[[ AVAILABLE DATA open ]]
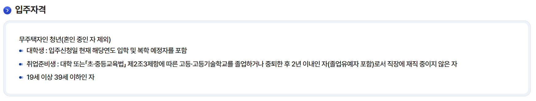 - 입주 자격에 맞는지 확인
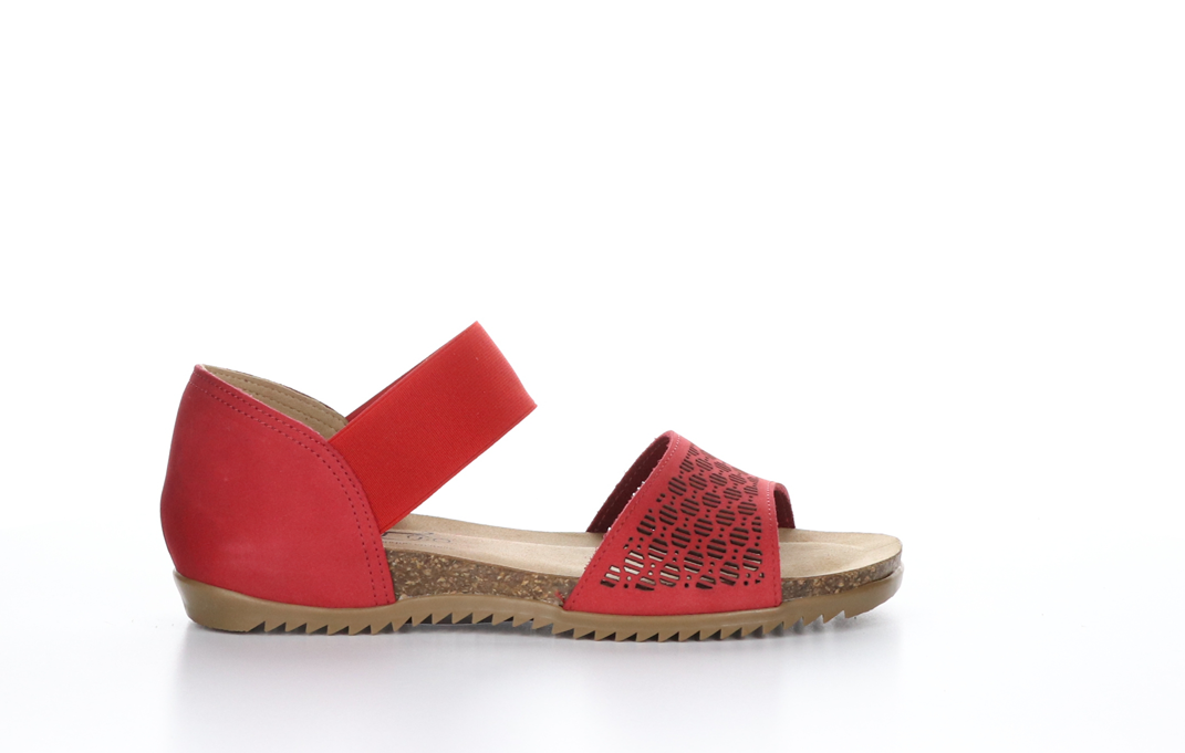 Laser-cut perforations bring breezy charm to a slip-on sandal featuring a contoured footbed atop a cork-cushioned mid-sole for all-day walking comfort.
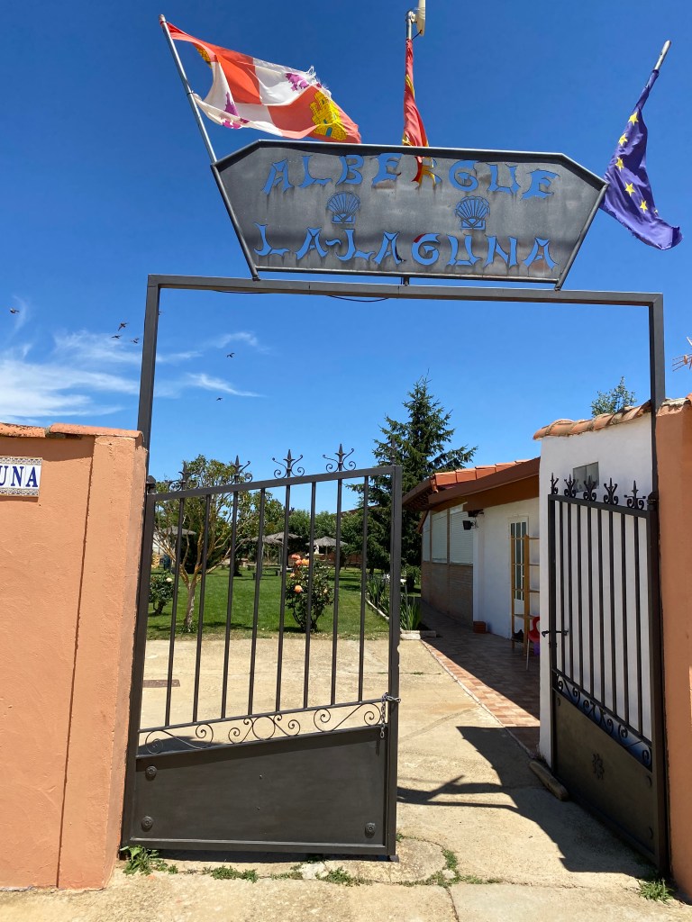 Samedi 2 juillet, ce jour courte étape de transition pour rallier El Burgo Ranero à 18 km. Je pars aux premières lueurs de l’aube, la température est idéale pour marcher. A un rythme calme mais toujours constant, j’avance jusqu’à Bercianos del Real Camino où une petite pause s’impose. Les kilomètres suivants la solitude est de retour sur un chemin bordé d’arbres longeant une ancienne route secondaire. La monotonie des jours précédents s’installent. Rien d’intéressant à voir. Pour la première fois depuis le début de mon chemin, j‘écoute de la musique en marchant. Il faut dire que la chaleur associée à ces lignes droites, ont eu raison de ma bonne humeur. A 13 heures, j’atteint finalement la fin de l’étape. Ici les jeunes platanes ne sont pas nus. Pendant les mois de confinement, des femmes ont consacré leur temps à confectionner au crochet des patchworks pour décorer des arbres du village. Arrivée à l’albergue La Laguna, comme tous les jours, douche, lessive, repos, dîner avec les compagnons du chemin.
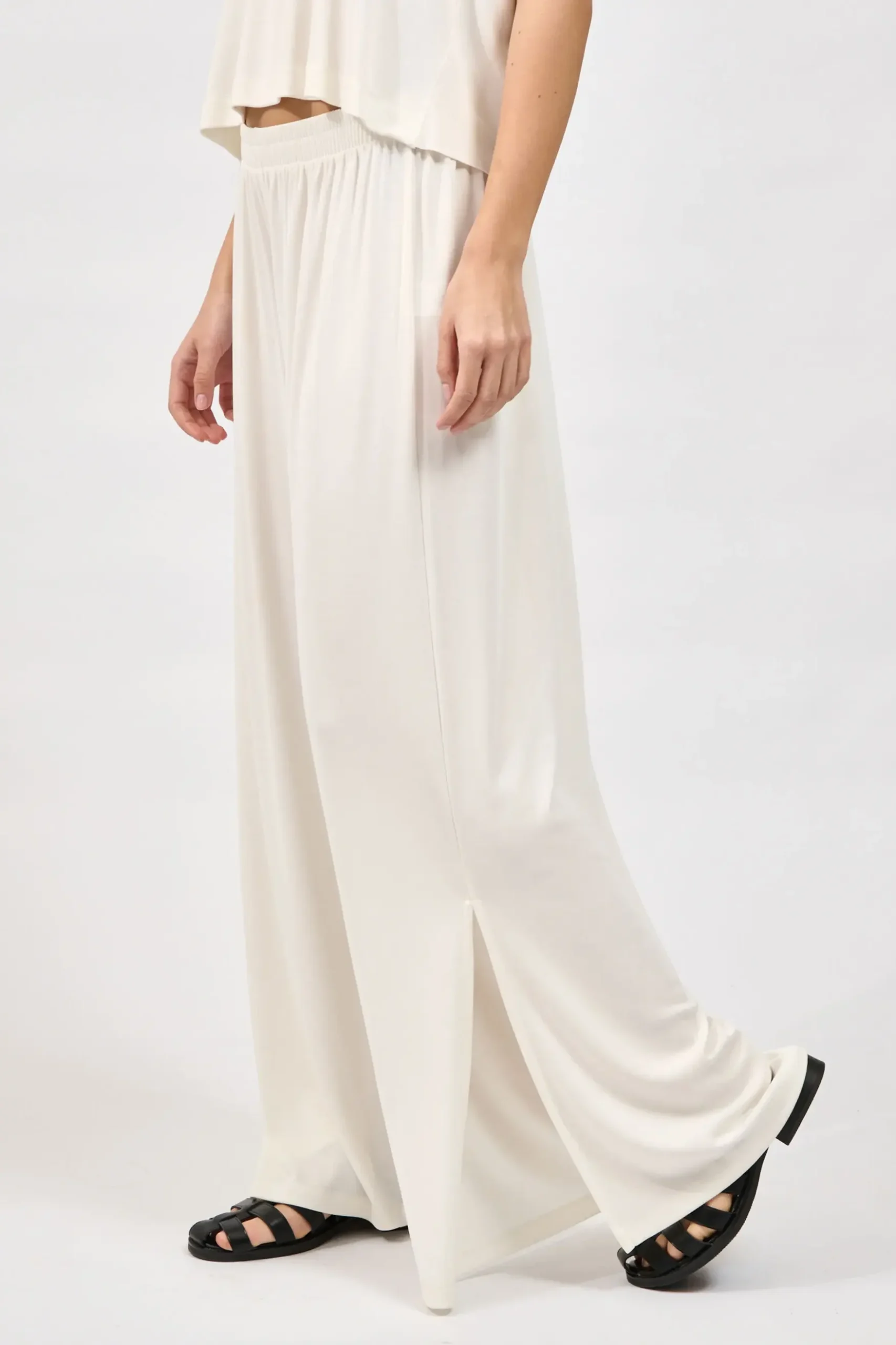 Long wide-leg pants with an elastic waistband
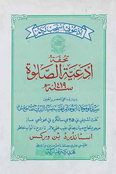 Barakaat Ad’eyat is-Salaat - Aa kitaab ma dawat ni majliso ma Saiyedna Fakhruddin Saheb (QR) ni tasneef farmaaweli chand baito no majmu’o chhe, chand mujarrab tasbeeho ane namaaz ne ba’ad padhaati du’aao chhe. |
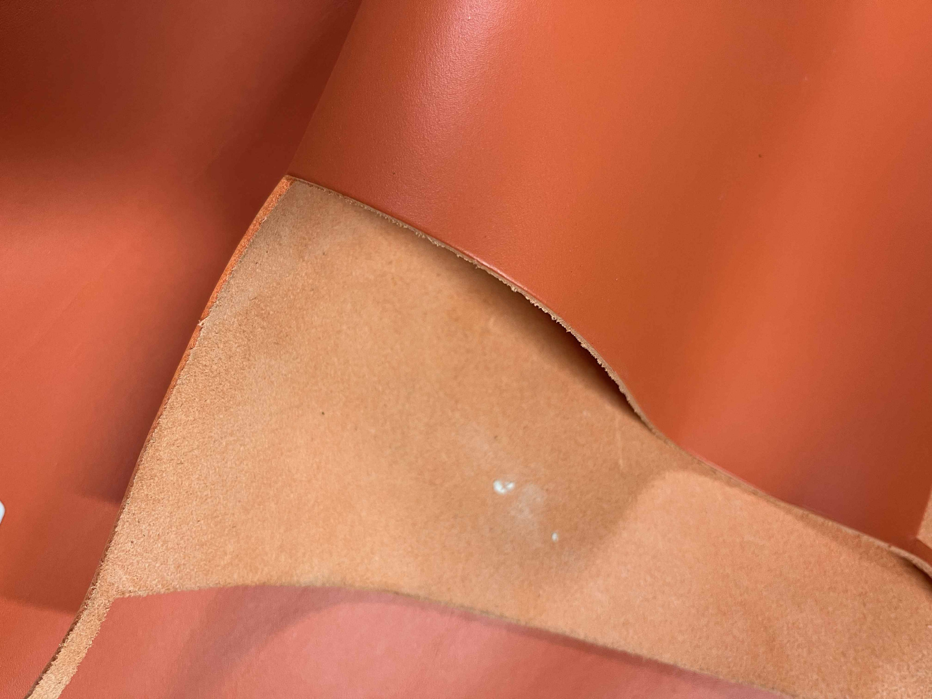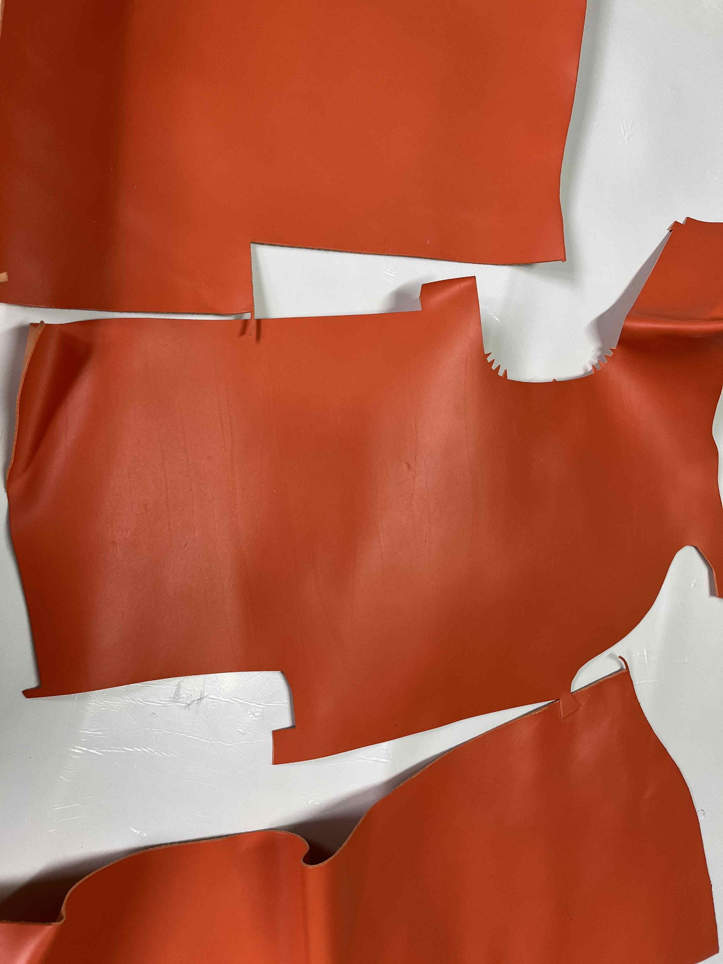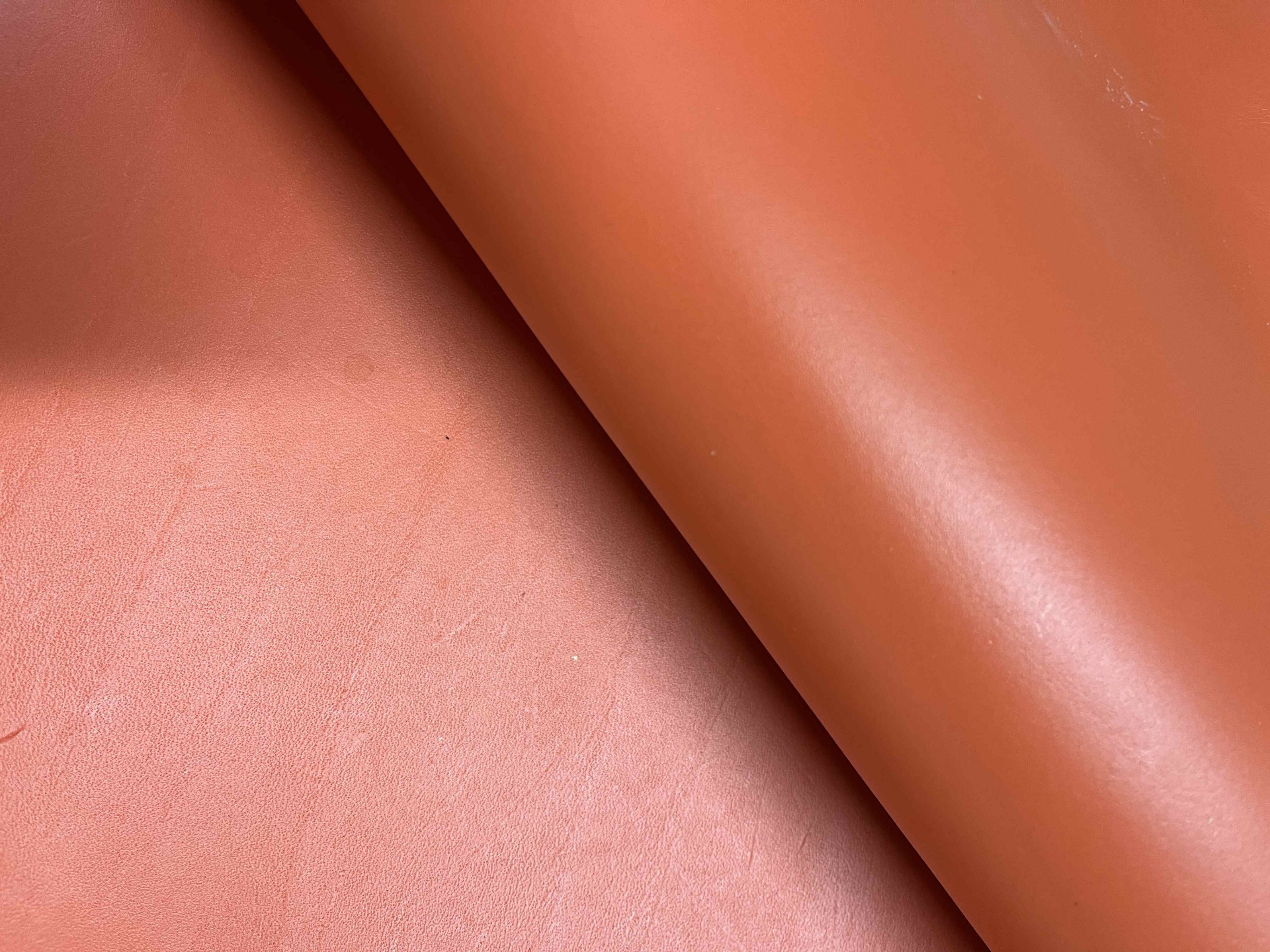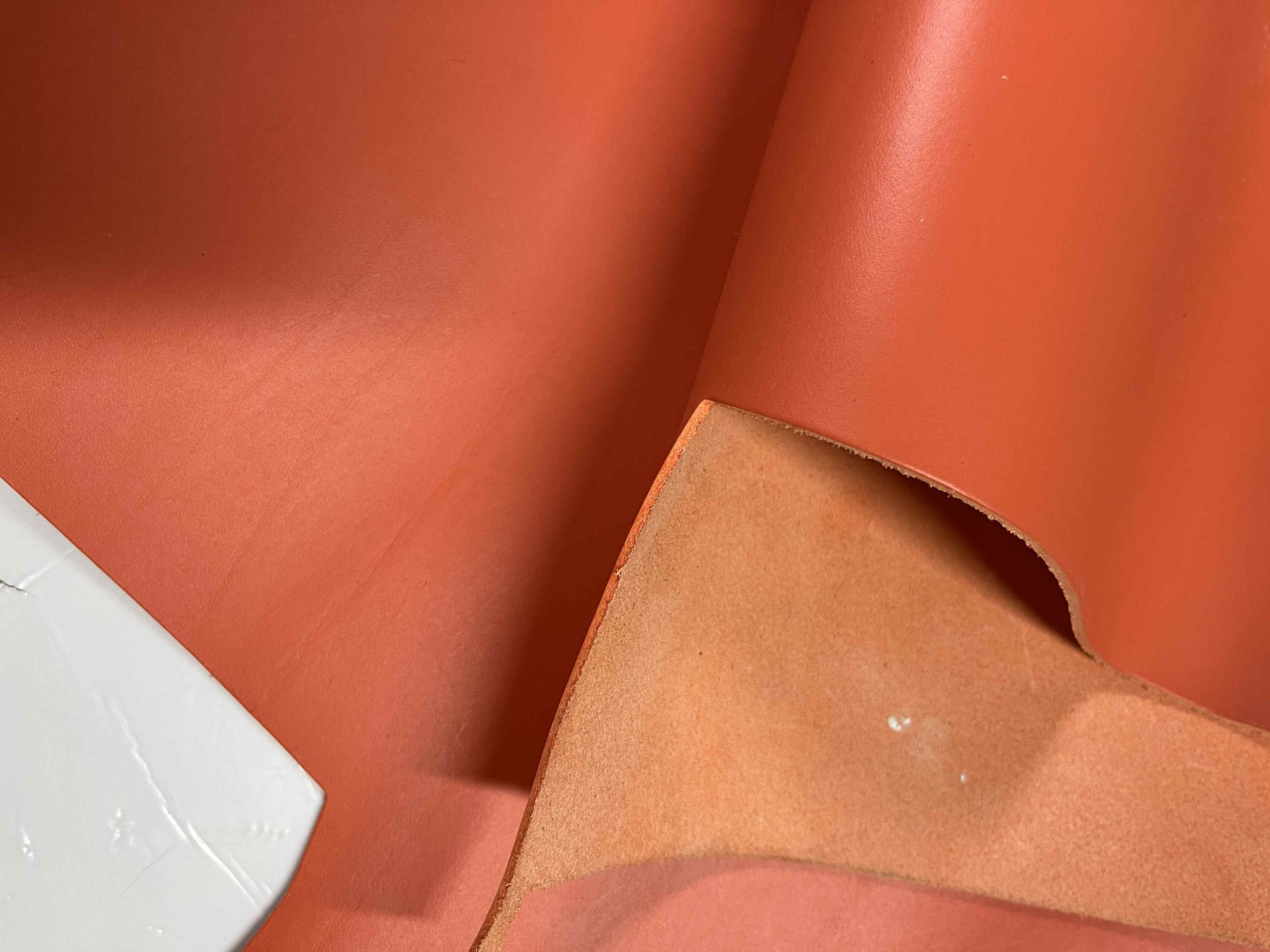 Pellame conciato 100% a vegetale liscio di colore Arancione, ideale per la produzione artigianale di calzature e pelletteria, incisione e molto altro.
[[ AVAILABLE DATA closed ]]
* EXERCISE PROMPT *
After dropping the pictures, please set down the lines from the beginning of the listing through the line containing "Laser-cut perforations bring", both included, exactly as they stand.

* WRITTEN REPLY *
 - 입주 자격에 맞는지 확인
 Laser-cut perforations bring breezy charm to a slip-on sandal featuring a contoured footbed atop a cork-cushioned mid-sole for all-day walking comfort.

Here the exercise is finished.